__Brief__. From the line containing "Đoàn xe chở" down to the last line of the entries, print each line exactly and leave the pictures out.
Top of Data excerpts
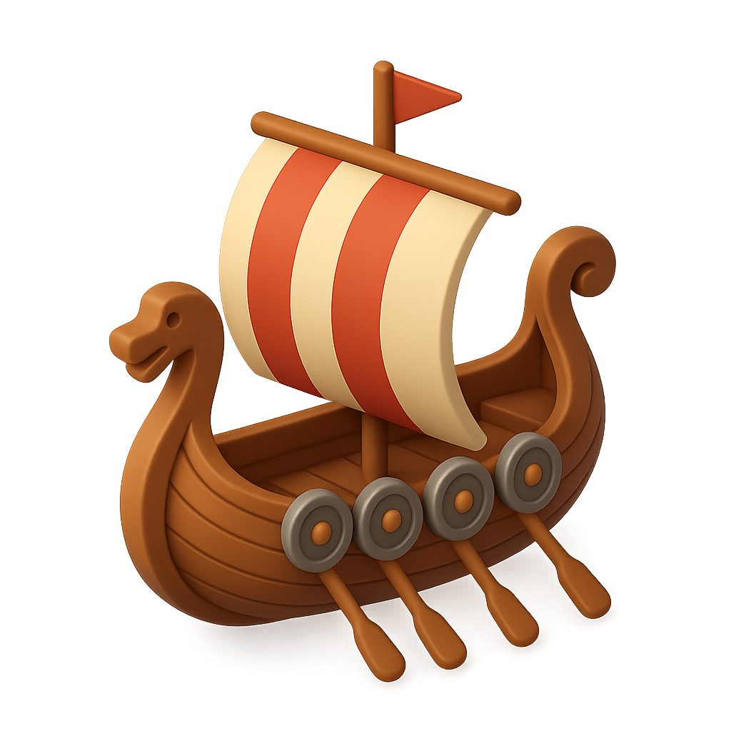 A stylized 3D icon of a Viking longship featuring a dragon head, a striped sail, and oars. The design has a smooth, volumetric look with a transparent background.
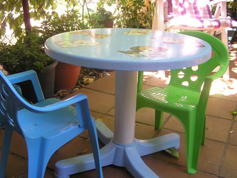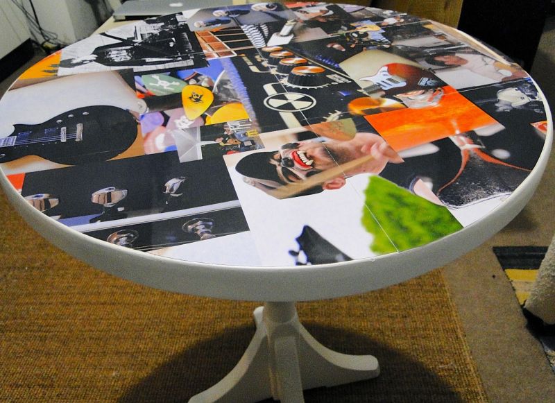 Você pode colar fotos em sua mesa de plástico ou colar figurinhas, para mesas infantis. Aplique cola para decoupage sobre todo o tampo da mesa.
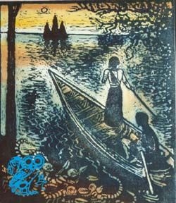 pietre pesanti e si tuffò dalla barca. Trascinato dalle pietre sul fondo del
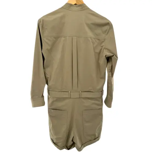 Chic and versatile Zadig & Voltaire "Cooki" Twill Romper, crafted from soft stretch cotton twill with a structured yet relaxed silhouette. Features a band collar, button-front closure, four front pockets, and an adjustable waist tie for a flattering fit. Designed with rolled cuffs and a utility-inspired style that transitions effortlessly from day to night. Details: • Color: Khaki beige • Style: Cooki Twill (SKCT8802F) • Fabric: 96% Cotton, 4% Elastane • Made in Romania, Italian fabric • Long sleeves with button cuffs • Button-front closure • Belted waist • Rolled hem shorts Measurements (approx.): • Pit to pit: 20" • Sleeve: 21" • Inseam: 4" Condition: Excellent pre-owned condition — no visible flaws. Clean and well cared for. Zadig & Voltaire romper, khaki playsuit, Cooki twill, cotton belted jumpsuit, safari utility romper, French designer, minimalist chic, travel outfit, casual luxe, festival style, modern neutral
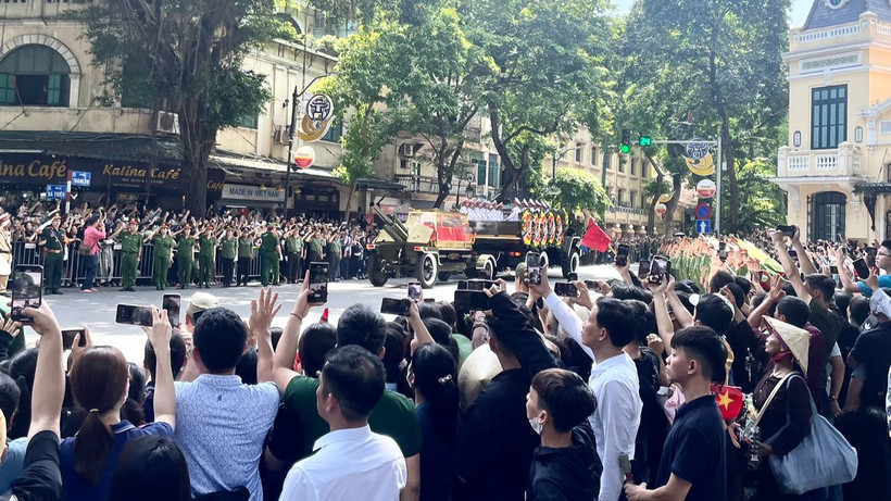 Đoàn xe chở linh cữu Tổng Bí thư Nguyễn Phú Trọng di chuyển qua phố Hàng Khay trong niềm tiếc thương vô hạn của nhân dân. (Ảnh: ĐÌNH TUẤN)
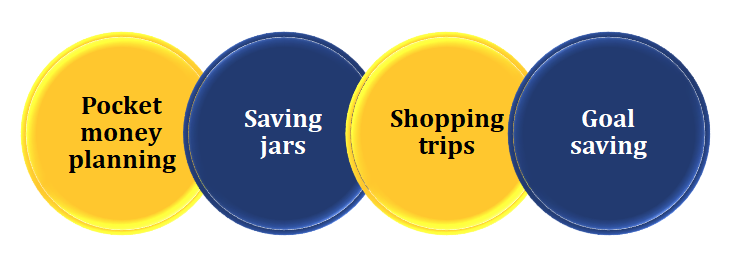 Through activities, projects, and practical lessons like budgeting, saving goals, and shopping exercises.
Bottom of Data excerpts
__Written answer__.
 Đoàn xe chở linh cữu Tổng Bí thư Nguyễn Phú Trọng di chuyển qua phố Hàng Khay trong niềm tiếc thương vô hạn của nhân dân. (Ảnh: ĐÌNH TUẤN)
 Through activities, projects, and practical lessons like budgeting, saving goals, and shopping exercises.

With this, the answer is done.